Ultrafast
excited-state dynamics of CuCl4
2– in
acetonitrile is studied by femtosecond broadband transient absorption
spectroscopy following excitation of the complex into all ligand-field
(LF or d–d) states and into the two ligand-to-metal charge
transfer (LMCT) states corresponding to the most intense steady-state
absorption bands. The LF excited states are found to be nonreactive.
The lowest-lying 2E LF excited state has a lifetime less
than 150 fs, and the lifetimes of the second (2B1) and the third (2A1) LF excited states are
1 and 5 ps, respectively. All three LF states decay directly into
the ground 2B2 state. Such significant differences
in excited-state decay time constants were rationalized computationally
through time-dependent density functional theory (TD-DFT) computations.
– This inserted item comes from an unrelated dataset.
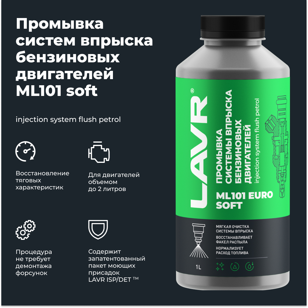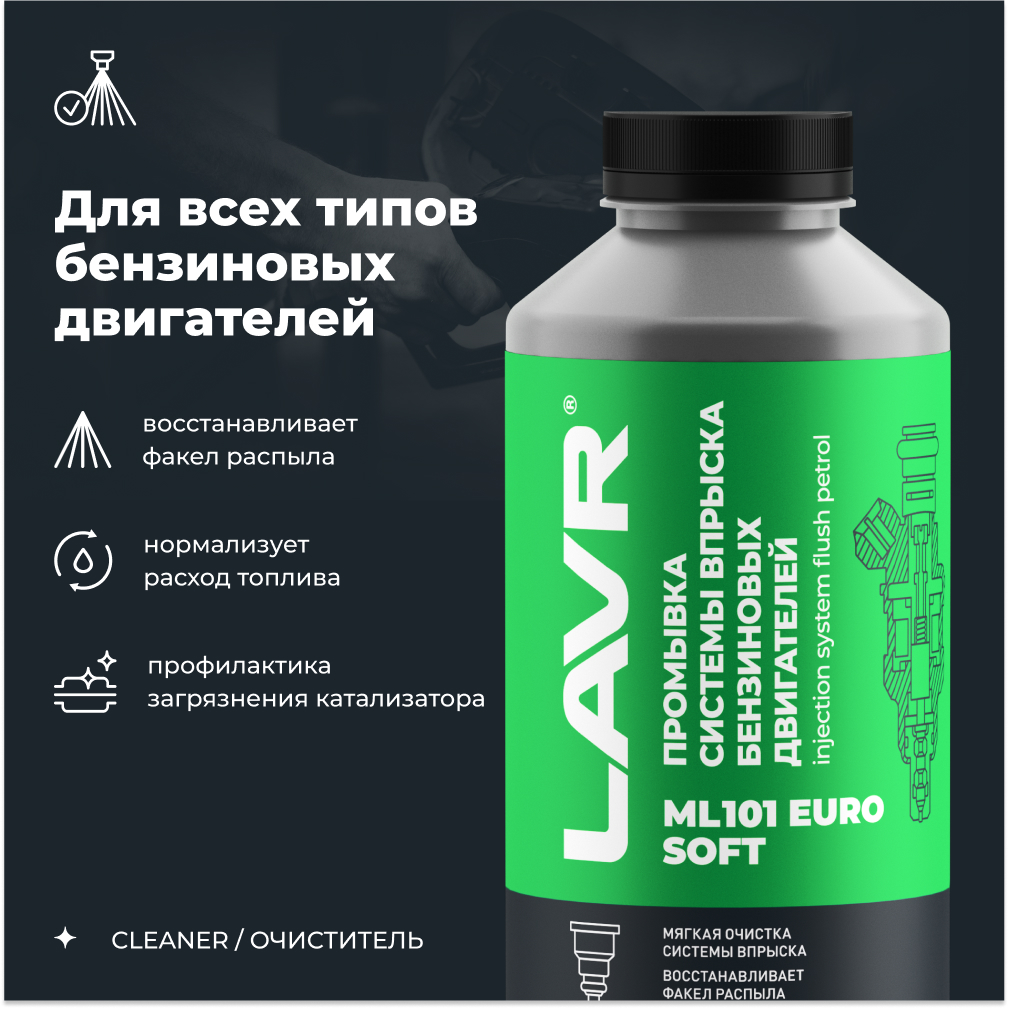 Промывка инжекторной системы бензинового двигателя ML101 Euro LAVR, 1 л / Ln2007. ML101 Euro - средство для безразборной промывки бензиновых систем впрыска с помощью пневматической станции. Запатентованный пакет моющих присадок LAVR ISP/DET устраняет до 100% загрязнений в форсунках, восстанавливает факел распыла инжекторов. Не требует замены масла и свечей зажигания. Средство совместимо с любыми пневматическими станциями, подходит для бензиновых двигателей с электронными системами впрыска любого типа. Восстанавливает факел распыла форсунок. Уменьшает расход топлива. Устраняет неровную работу двигателя на холостых и малых оборотах. Облегчает холодный запуск. Устраняет рывки при разгоне, замедленную реакцию на нажатие педали акселератора и дымность двигателя, вызванные загрязнением топливной системы. Понижает токсичность выхлопных газов (CO и СН). Содержит запатентованный пакет моющих присадок LAVR ISP/DET. Безопасен для катализатора и свечей зажигания. Расход рабочей жидкости составляет около 1 л на двигатель объемом до 2 л. Проведение процедуры не требует демонтажа форсунок. Не требует замены масла и свечей. Состав безопасен для любых видов промывочных станций. Подходит для всех типов систем впрыска бензиновых двигателей. Перед применением прогреть до комнатной температуры. Подходит как для самостоятельного использования, так и в качестве сервисного средства. 1. Тщательно встряхнуть. 2. Подключить промывочную станцию. 3. Залить препарат, выставить давление 3 атм. 4. Запустить двигатель и дать поработать на холостом ходу в течение 10-15 минут. 5. Заглушить двигатель на 10-15 минут для растворения отложений. 6. Запустить двигатель. 7. Выработать жидкость, периодически плавно повышая обороты до 1500-2500 об/мин. Не заливать в топливный бак.

TD-DFT mapping of the relaxation pathway along the symmetric Cl–Cu–Cl
umbrella bending vibration gives evidence for a conical intersection
between the 2E excited state and the ground 2B2 state. The LMCT states decay within 200 fs with the
primary deactivation mode consistent to be Cu–Cl stretch. A
fraction of the CuCl4
2– complexes excited
into the LMCT states undergoes ionic dissociation to form products
that survive longer than 1 ns. The remaining fraction undergoes internal
conversion, which can be viewed as back electron transfer, populating
the lower vibrationally hot LF states. The LF states populated from
the LMCT states exhibit the same lifetimes as the Franck–Condon
LF states and likewise decay directly into the ground state.